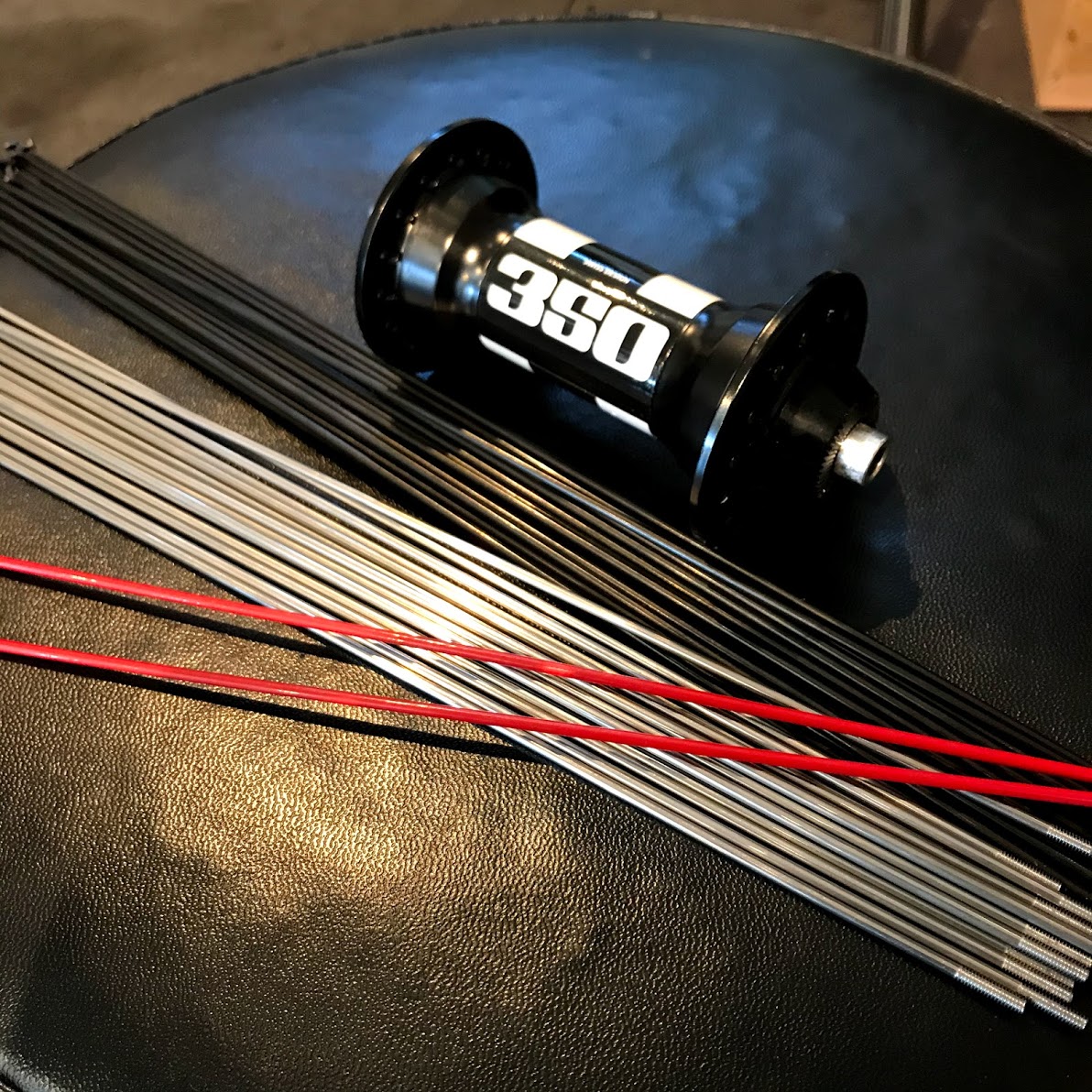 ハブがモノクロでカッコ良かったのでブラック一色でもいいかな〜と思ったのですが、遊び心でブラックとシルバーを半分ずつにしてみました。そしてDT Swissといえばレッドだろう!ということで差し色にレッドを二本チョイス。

+++

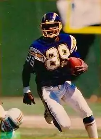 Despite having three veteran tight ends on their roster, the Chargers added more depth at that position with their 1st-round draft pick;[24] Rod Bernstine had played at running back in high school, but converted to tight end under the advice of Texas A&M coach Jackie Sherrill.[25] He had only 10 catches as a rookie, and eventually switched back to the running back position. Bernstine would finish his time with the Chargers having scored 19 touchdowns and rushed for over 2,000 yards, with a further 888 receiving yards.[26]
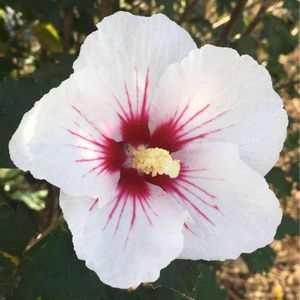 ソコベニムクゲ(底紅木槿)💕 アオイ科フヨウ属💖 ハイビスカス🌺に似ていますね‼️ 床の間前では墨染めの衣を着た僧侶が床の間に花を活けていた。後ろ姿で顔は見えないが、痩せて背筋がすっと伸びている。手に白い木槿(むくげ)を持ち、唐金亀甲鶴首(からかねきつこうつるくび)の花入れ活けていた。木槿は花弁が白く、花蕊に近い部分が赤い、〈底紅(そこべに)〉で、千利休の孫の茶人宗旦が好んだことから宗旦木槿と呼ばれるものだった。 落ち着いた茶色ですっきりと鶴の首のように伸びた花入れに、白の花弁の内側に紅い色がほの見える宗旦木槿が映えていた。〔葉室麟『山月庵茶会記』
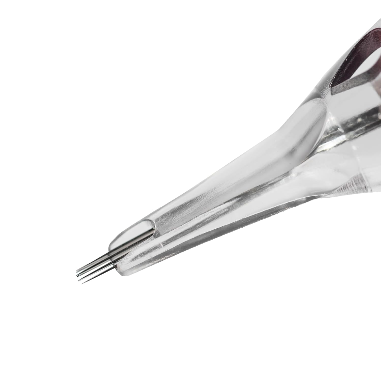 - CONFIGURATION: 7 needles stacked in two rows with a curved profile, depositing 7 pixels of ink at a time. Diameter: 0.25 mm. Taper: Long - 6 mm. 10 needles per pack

+++

Work required: Beginning with the line above that has "Despite having three" and going on through the line that has "- CONFIGURATION: 7", retype every line exactly and add nothing else; drop the pictures.

Result below:
 Despite having three veteran tight ends on their roster, the Chargers added more depth at that position with their 1st-round draft pick;[24] Rod Bernstine had played at running back in high school, but converted to tight end under the advice of Texas A&M coach Jackie Sherrill.[25] He had only 10 catches as a rookie, and eventually switched back to the running back position. Bernstine would finish his time with the Chargers having scored 19 touchdowns and rushed for over 2,000 yards, with a further 888 receiving yards.[26]
 ソコベニムクゲ(底紅木槿)💕 アオイ科フヨウ属💖 ハイビスカス🌺に似ていますね‼️ 床の間前では墨染めの衣を着た僧侶が床の間に花を活けていた。後ろ姿で顔は見えないが、痩せて背筋がすっと伸びている。手に白い木槿(むくげ)を持ち、唐金亀甲鶴首(からかねきつこうつるくび)の花入れ活けていた。木槿は花弁が白く、花蕊に近い部分が赤い、〈底紅(そこべに)〉で、千利休の孫の茶人宗旦が好んだことから宗旦木槿と呼ばれるものだった。 落ち着いた茶色ですっきりと鶴の首のように伸びた花入れに、白の花弁の内側に紅い色がほの見える宗旦木槿が映えていた。〔葉室麟『山月庵茶会記』
 - CONFIGURATION: 7 needles stacked in two rows with a curved profile, depositing 7 pixels of ink at a time. Diameter: 0.25 mm. Taper: Long - 6 mm. 10 needles per pack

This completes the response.